Skip to content

Nextflow with Azure batch appears to fail when reading from multiple containers #5448

@zjupNN

Description

@zjupNN

Bug report

Nextflow with Azure batch appears to fail when reading from multiple containers. The files are reported by processes as not existing, and .fusion.log contains messages about 403 authentication errors. This is apparently similar to a previously fixed issue, but persists in 24.10.0, so it may be a different cause?

See also discussion on Slack.

Expected behavior and actual behavior

We expected that it was possible to read form multiple Azure containers in the same workflow; it seems not to be.

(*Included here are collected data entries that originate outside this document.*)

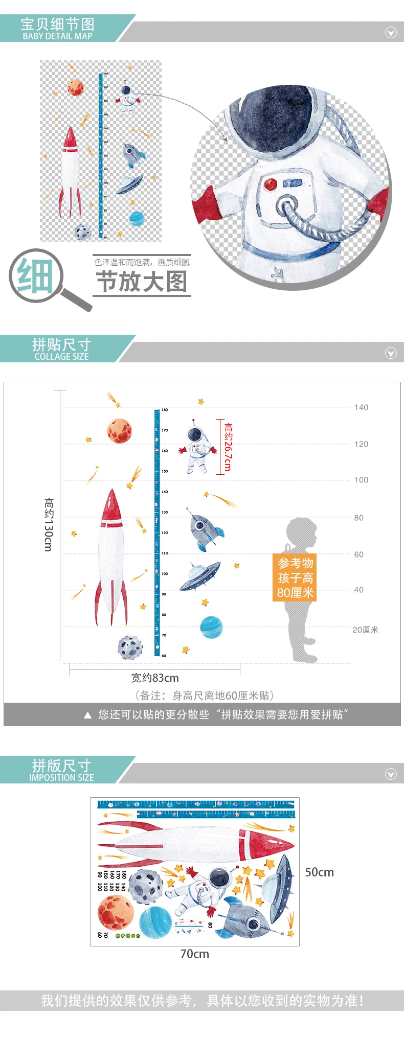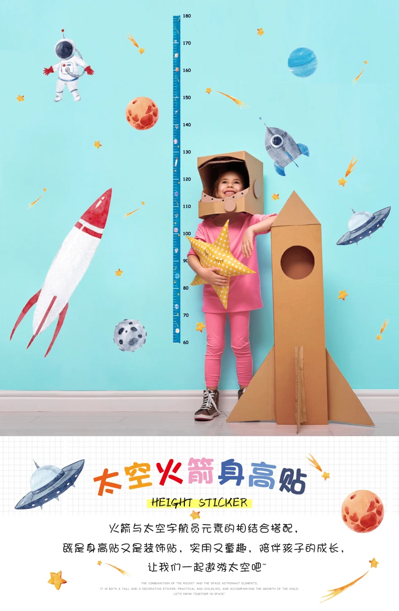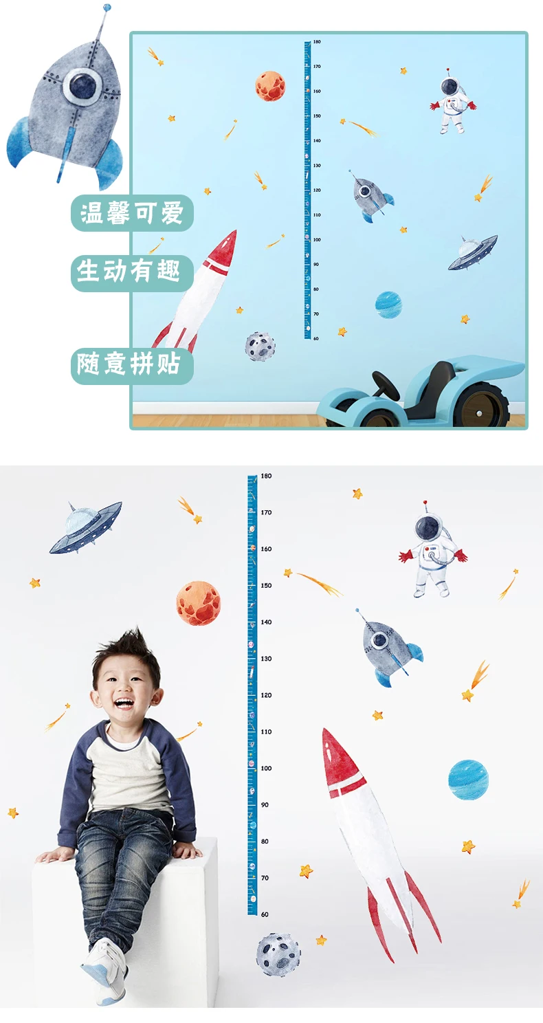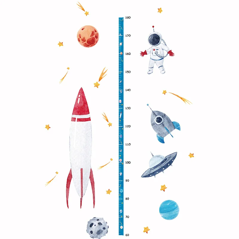Милая мультяшная измерительная линейка для роста космических ракет, Настенная Наклейка для детской комнаты, таблица роста, декор для детской комнаты, настенное искусство 50*70 см
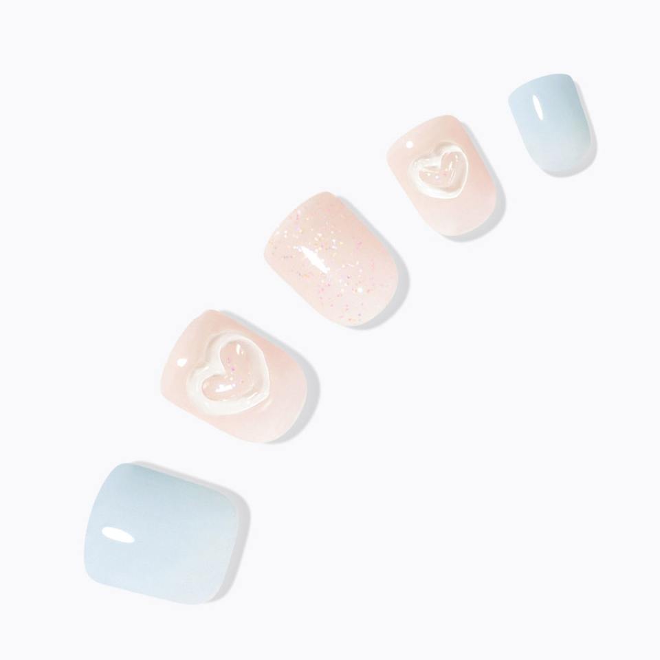 Dessing Diva Sky Heart Handmade French Press on Nails Set High Quality ABS Plastic Short Square Fake Nails
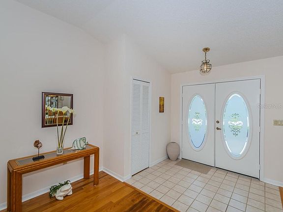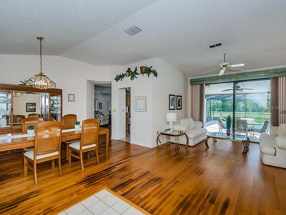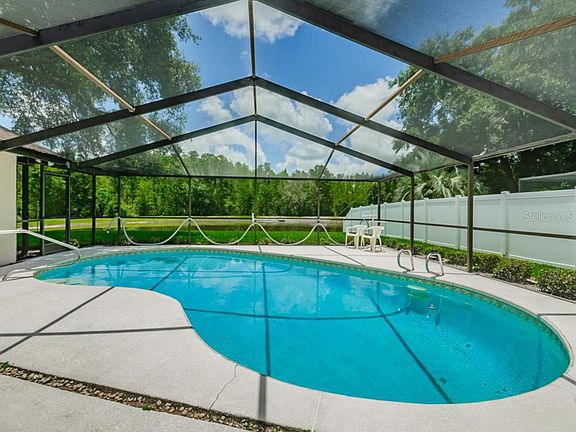 Beautiful 3 bedroom pool home with pond/conservation views in move-in condition. Spacious floor plan features formal living/dining rooms plus family room; remodeled kitchen open to family room and features dining nook plus snack bar and pass through to pool area, newer appliances and Staron countertops; split bedrooms - all with walk-in closets; master suite with adjacent updated bath with dual sinks, tub and separate shower; second bath has also been updated and has dual sinks and door out to pool area; inside laundry; sliders from living room, kitchen/family room and master bedroom lead out to covered lanai and caged pool area. Roof replaced 2006 and a/c 2010 (maintained regularly). Other extras/upgrades include cathedral/vaulted ceilings, engineered wood or ceramic throughout main living area and master bedroom, ceiling fans, in-the wall pest control system, sprinkler system, garage door opener and more. The South Pasco community of Southern Oaks is near Starkey Park and convenient to shopping and services and easy access to Tampa, Clearwater and St. Petersburg. Low HOA of $300 per year.
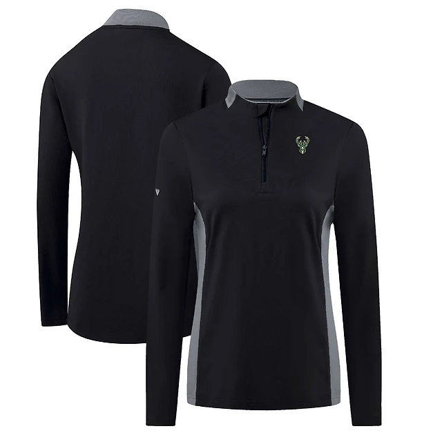 Pull-over noir à fermeture éclair quart de tour Moxie Insignia Core pour femme des Milwaukee Bucks Levelwear
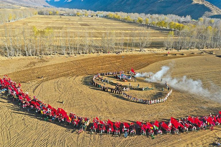 西藏農(nóng)耕文化的發(fā)祥地—雅礱河谷春耕開犁儀式現(xiàn)場。記者 洛桑 通訊員 次仁龍布 攝
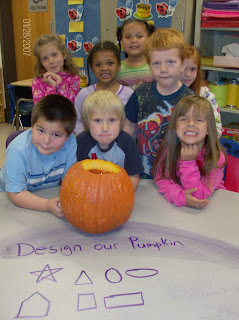 Students created a Jack-o-Lantern by designing a pumpkin with familiar shapes. They wanted me to incorporate a hexagon, octagon, pentagon and parallegram but I just could't accuratly cut the shapes out. Wow! I am impressed with how much they have learned.
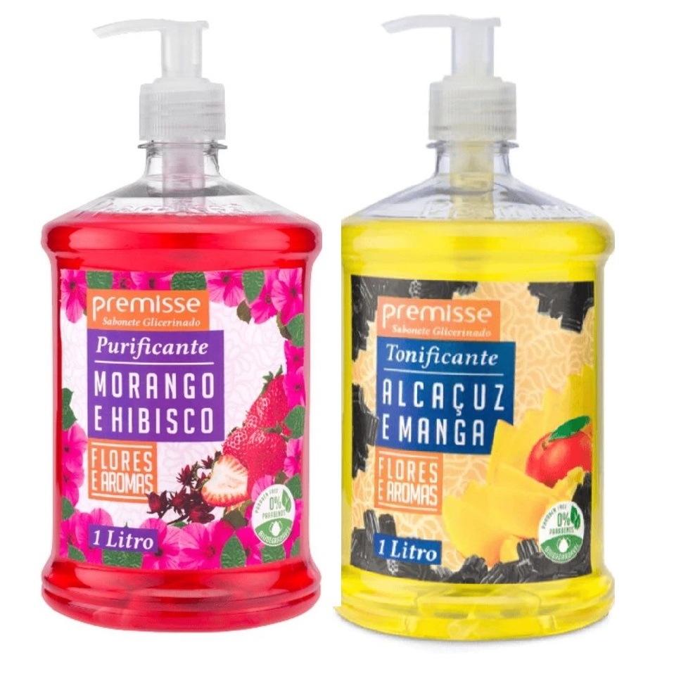 Sabonete Líquido Glicerinado Pump 1L Premisse - 01 à 02 unids | Mãos, Rosto e Corpo | Profissional e Residencial

Steps to reproduce the problem

Here is a small workflow to illustrate the problem:

process multi {
  conda "conda-forge::gawk"

  input:
  path(p1)
  path(p2)

  output:
  path("both.txt")

  """
  cat ${p1} ${p2} > both.txt
  """
}

workflow {
  p1 = Channel.fromPath(params.p1)
  p2 = Channel.fromPath(params.p2)
  multi(p1, p2)
}

Running

nextflow run main.nf \
  -profile azure_batch \
  -w az://output/multi \
  --p1 az://input1/foo.txt \
  --p2 az://input2/bar.txt

fails, whereas

nextflow run main.nf \
  -profile azure_batch \
  -w az://output/multi \
  --p1 az://output/foo.txt \
  --p2 az://output/bar.txt

works fine.

The config in question, containing the azure_batch profile (with some redacted info):

nextflow.enable.moduleBinaries = true

process {
    resourceLimits = [ cpus: 128, memory: 200.GB, time: 24.h ]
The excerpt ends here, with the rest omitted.